Except, I am finding myself losing my mind a bit. Already this year, my oldest has been out of school since December 14. It gave me less than a month to do all the things I normally have a good solid 3 weeks to do. I have been stressing myself out because the cookie making that I vowed to be a tradition has not happened. The elf has loved his spot too many nights in a row that my daughter is starting to question his existence. There are still gifts being delivered.

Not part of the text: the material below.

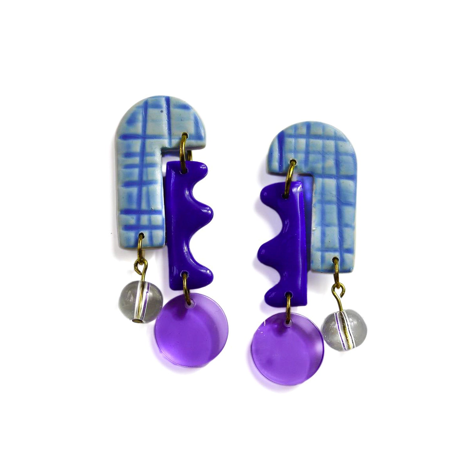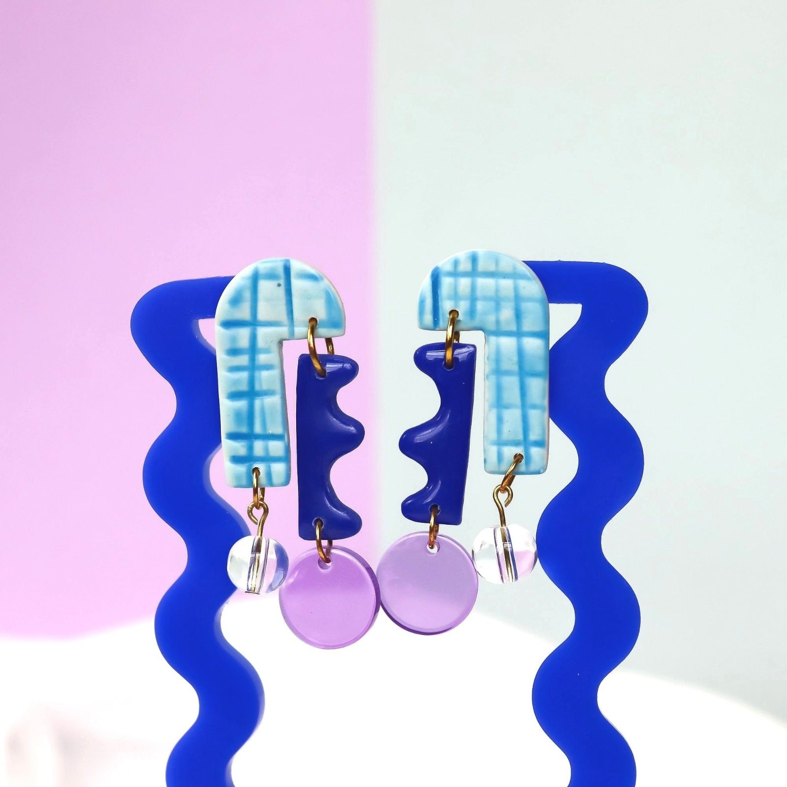 Bright and playful earrings made from polymer clay, brass, resin and acrylic. These colourful earrings are perfect for adding a statement pop of colour to any outfit. Every pair of earrings is handmade so every piece is completely unique!

Why are we so quick to try to make this time of year “perfect.” I’m beating myself over the head trying to make sure my kids will open the one (or three) gifts they REALLY want. I have attended so many holiday parties and get togethers end even hosted one because that was Christmas is about. I HATED that we barely decorated our house due to hubby not being around to help. We rushed to be with family for our week to be completely full of other obligations. And making the holidays perfect– who are we trying to appease?! Do my kids really care that we didn’t make 300 cookies this year? Do they care that I didn’t take out every candle holder and trinket that is in our 2 full boxes of Christmas decorations? Do they care how much I have spent on their gifts or care that I may have spent more on one kid than the other?! NO!

You want to know what they care about? They care about being with me. They care about being with their grandparents, cousins, aunts, and uncles. This Christmas is especially hard due to the fact that we don’t get to spend it with their daddy. It’s not only hard on us, but it’s even harder on him. We at least get to surround ourselves with love and holiday bustle. He is surrounded by work. And this is when I stop and realize that I have to stop trying to make Christmas so perfect and start living in the moment.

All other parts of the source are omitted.